Our boys turned, and met the earnest face of the man who had so
impressed them by his sermon a few days before. They exchanged
friendly greetings with him; and after refusing, for the present,
many kind and pressing invitations from their late audience, Mat
and Tim were glad to make their escape to Captain Marvin’s snug
smoking-room, where they intended to have a quiet chat; but hardly had
they sat down when the Governor came in and carried them both off to
supper.

Some time before they entered the dining-room a young colonial had
been giving his views concerning the evening’s lecture.

“My word,” he said, “it _was_ a good yarn, and well told. Why that man
Stanley speaks as good English, and almost as good grammar, as if he
had been to college,—and mostly self-taught they say. I thought that
gipsies in England were a sort of half-breeds, who made tin kettles
and ‘jackshays,’ those quart pots, you know, and ‘planted’ people’s
fowls and things; but this fellow’s a gentleman, and—”

His remarks were here interrupted by the entrance of the individuals
in question, and the conversation was abruptly changed by the young
“native,” for such is a white person termed who is born in the
colonies, who from that moment, as he intimated to Mrs. Marvin,
intended “to take a back seat.”

During supper-time the conversation turned upon many interesting
subjects connected with the past adventures of our twins. From these
it drifted into colonial matters, the latest news from “home” as
England is always so referred to in the colonies; and the party broke
up.

Mat could get but little sleep that night; the events of the evening
had been almost too much for his otherwise strong nerves.

Besides the excitement of his lecture, and the remembrance of that,
thoughts of a softer nature rushed through his mind.

It must be remembered that his experience of woman-kind had been of
the roughest description, amounting to an exchange of chaff with
the lassies at the Hampshire fairs, and owing to the nature of his
occupation and mode of life in and around the gipsy camp, he had but
rarely come in contact with the better class of New Forest “squatters”
in his old home.

Bearing this in mind, let us follow his thoughts as he lay awake in
the town of Sydney, New South Wales.

“I’ve met to-night for the second time a real lady, and such a
beautiful and gentle lady. I wonder whether they are _all_ like _her_.
Oh, but how she has altered!

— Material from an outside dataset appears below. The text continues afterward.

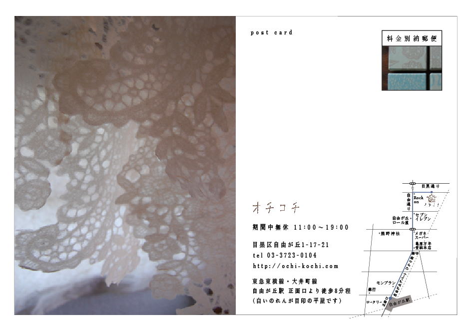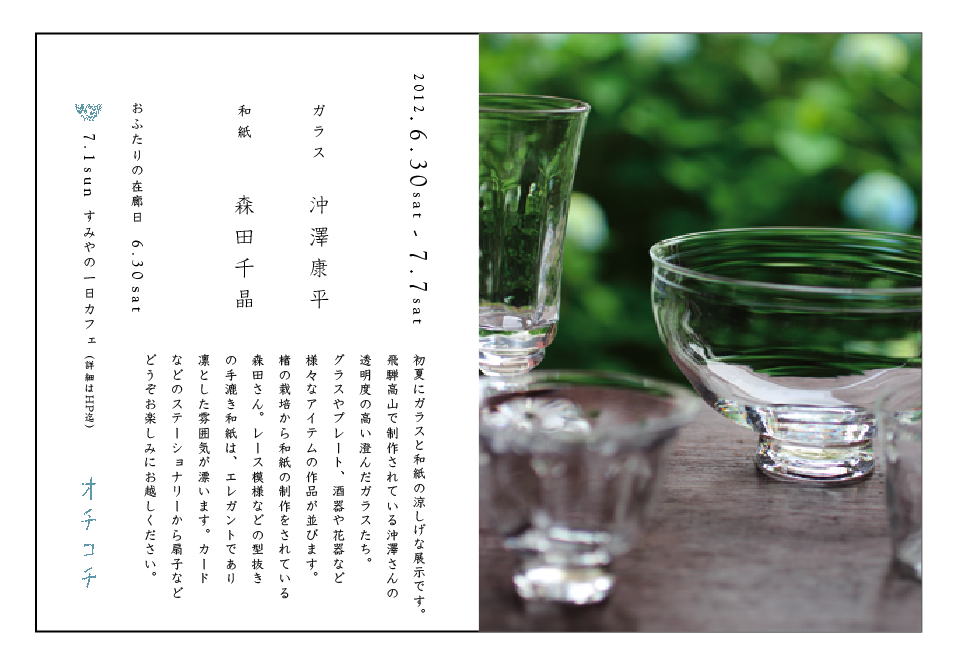 初春の文房具と茶道具展 (終了) 2011年1月8日(土)〜1月15日(土) ※1月11日(火)は休み 10:00〜19:00 (最終日17:00まで) 火曜定休日 器の店 ノーション 東京都国立市中1-10-8 042-573-3449 ホームページ 年もあらたまり、2011年のスタートライン。 今年最初の展示は、気分を新たに手紙を書いたり 気持ちを鎮めて美味しいお茶をいただいたり。 自分の時間を豊かにするための、道具展です。 ![]() ・空沼工房---(木) ペーパーナイフ、クリップ、ストラップなど ・高野恵---(ガラス) 硯、ペーパーウエイトなど ・武内裕---(磁器) 抹茶碗、香合、銘々皿など ・谷関薫---(漆) 盃、箸、箸おきなど ・塚村剛---(ガラス) 硯、文鎮、水滴など ・遠見和之---(能登仁行和紙) 手漉き和紙、はがきなど ・ムラタカオリ---(陶器) ペン立て、花器、箱など ・目片千恵---(ガラス) 硯、筆おき、インク壷など ・森田千晶---(手漉き和紙) カードセット、名刺、はがきなど ・森友見子---(再生紙) 小箱いろいろ ・吉橋玄雄---(表具師) 掛軸、額など < アイウエオ順> ※その他、骨董の抹茶碗などの茶道具も New Year Greetings 展 2011 (終了) 2011年1月8日(土)〜1月15日(土) 12時〜19時 (最終日は18時まで) 会場=ギャラリーみずのそら 東京都杉並区西荻北5-25-2 ホームページ 03-3390-7590 活版、グラフィックデザイン、写真、イラストレーション、 版画、製本、カリグラフィー…… さまざまな分野で活動している方々から送っていただいた年賀状を展示します。 それぞれの思いで作られた年賀状の一枚一枚を、見て触って、お楽しみください。 ![]() (参加者) 赤井都 / 浅井陽子 / あちらべ / atsumi / Anna Gleeson / あべちほ / 阿部真弓 / イイダ傘店 / 伊香英恵(A.A.E.textiles)/ 石曽根昭仁 / 伊藤絵里子 / 稲垣早苗 / 井上沙紀 / 井上陽子 /イマジョウデザイン/ 入澤花絵 / 岩瀬敬美/ UZ DESIGN FACTORY / 大浦美和 / 大塩あゆ美 / 大沼ショージ / 尾形かなみ/ 小熊千佳子 / 尾田美樹 / 尾柳佳枝 / 海岸印刷 / 角田光正 / 株式会社 真映 社 / 蒲田美佐子 / 亀井研二 / KAYU / 川口伊代 / 川島康太郎 / 川島雄太郎 / 川手眞理 / 川部重臣 / 神田亜美 / 菊地和広(バックヤード)/ 北村範史 / 九ポ堂 /guse ars/ 熊谷聖司 / Kumiko Hitomi[HI company Ltd.] / 小関祥子 / Kotoko KANETA / コトホギデザイン 池上直樹 / 小林和人(Roundabout/OUTBOUND)/ ごぼうデザイン事務所 / 坂本千明 / 佐藤未南子 /佐藤礼子(リュース オ ボウ)/ 三戸美奈子 / 島谷美紗子 / しゅんしゅん /菅原広夢 / STORE / 瀬戸直 / 武井実子 / 巽紀子 / charmy(小池雅美)/ 創る和紙職人ハタノワタル / 都筑晶絵 / Zwillinge / ツバメ活版堂 / 富田惠子 /トランクデザイン 堀内康広 / 内藤雅光 / 中澤季絵 / 長沢暁 / 中田真央 / 中村綾緒 / 西本良太・葉田いづみ / 二宮郁子 /knoten/ 芳賀八恵 / ハナブサプレス 両見英世 / fancomi / FALL・三品輝起 / 福室みずほ / 藤川孝之 / ふじくらみほ / 史緒 / フルタヨウコ / 文京れんげ社(宇佐美智子/大木陽子)/ BEKA / 宝珠光寿 / 星幸恵 / 本の島 絵はがき部 / 正成美雪 / 益永梢子 / 松永かの / 松本亜季 / 丸山佐知子(Blackchrom)/ 萬田康文(Monday Books)/ みやしたゆみ / 宮島信太郎 / 村橋貴博 / megropress / 百田智行 / 森岡書店/ 森田千晶 / 森雅代 / 山下桂樹(CATALYZE DESIGN)/ 山田理加 / 山之口正和/ 山元伸子(ヒロイヨミ社)/ 有限会社コスモテック / 吉田昌平 / 米谷明香 / 龍骨堂 伊東久美 / Little Hello / リン版画工房 / LUFTKATZE / 和田祐子 / and more...... Birneのクリスマスマーケット 2010.12.11sat-19sun (終了) Birne 埼玉県ふじみ野市川崎1-1-2 / 049-266-2964 ホームページ ![]() 石川覚子/ICHI/saiho/坂口なお/染色工房や・や・も 坂本美雪/しらつちまゆみ/さくまポタリー/月日工藝 中村桜/BRIKIKKA/前田美絵/松尾由美/宮崎桃子 ムーンラビット/持永貞子/森田千晶/Birne ほか 静かで暖かなビルネのクリスマス。陶器やガラスの 器やオブフェ、アクセサリー。フェルトや布の小物、 ショール、バッグ。クリスマスカードやカレンダー、 焼き菓子やシュトレンなどがならびます。 とっておきの贈り物をさがしに、ぜひお出かけください。 森田千晶 「和紙でおくりもの」 (終了) 2010年11月30日(火)〜12月13日 (月) 銀座松屋 7階 スタイルコレクションイベントスペース 東京都中央区銀座3-6-1 ホームページ 現代の「くらし」の中にも和紙を!と日々提案しています。 レースやドイリーの透かし和紙を中心にステーショナリーやランプ、 かべかけなどのおくりものをぜひ見つけにいらしてください。 ![]() 紙でつくる (終了) 2010年10月23日(土)ー31日(日) Birne 埼玉県ふじみ野市川崎1-1-2 /tel 049-266-2964 /ホームページ ![]() 青池茉由子[文字がテーマの作品] しらつちまゆみ [カード・オブジェ] 中口祐介 [版画・コラージュ・カード・ミニブック] ノラヤ [カレンダー・カード・旗] BRIKIKKA [カレンダー・カード・写真etc] 藤井美絵 [ファイル・名刺入れetc] 森田千晶 [カード・レース/ドイリー和紙etc] ルリユール[装丁] Birne [ノート・メモパッドetc] 第2回 堺クラフトフェア 〜灯しびとの集い〜 (終了) 2010.10.30(土)/31(日) 大阪府堺市 大仙公園 灯しびとの集い公式ホームページ ![]() The Kni
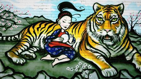 Keywords: graffiti tiger girl paint wall spray

Would she laugh at me if she knew I had
stuck to ‘Robinson Crusoe.’ I expect she’d only open her eyes big,
as she did to-night, when she seemed surprised. What a fool she must
have thought me! I couldn’t even say anything civil. I don’t know what
came over me. I could talk easily enough to that big crowd of people,
and to Mrs. Marvin, and be civil to _her_. Perhaps Captain Marvin’s
cigars are too strong for me. Yes; _that must be it_.”

Having thus determined the nature of his malady, though not _entirely_
to his satisfaction, our forester turned over, and went to sleep.



                             CHAPTER XII.

       Tim starts for the Darling Downs—French as spoken by Mrs.
    Bell—Parson Tabor—Leichardt’s grave—The French “professor”—Mat
                       unmasks the “professor.”


Next morning the leading newspapers of the town were placed in Mat’s
hands by Marvin, who triumphantly remarked,—

“See what an excellent ‘coach’ I proved.”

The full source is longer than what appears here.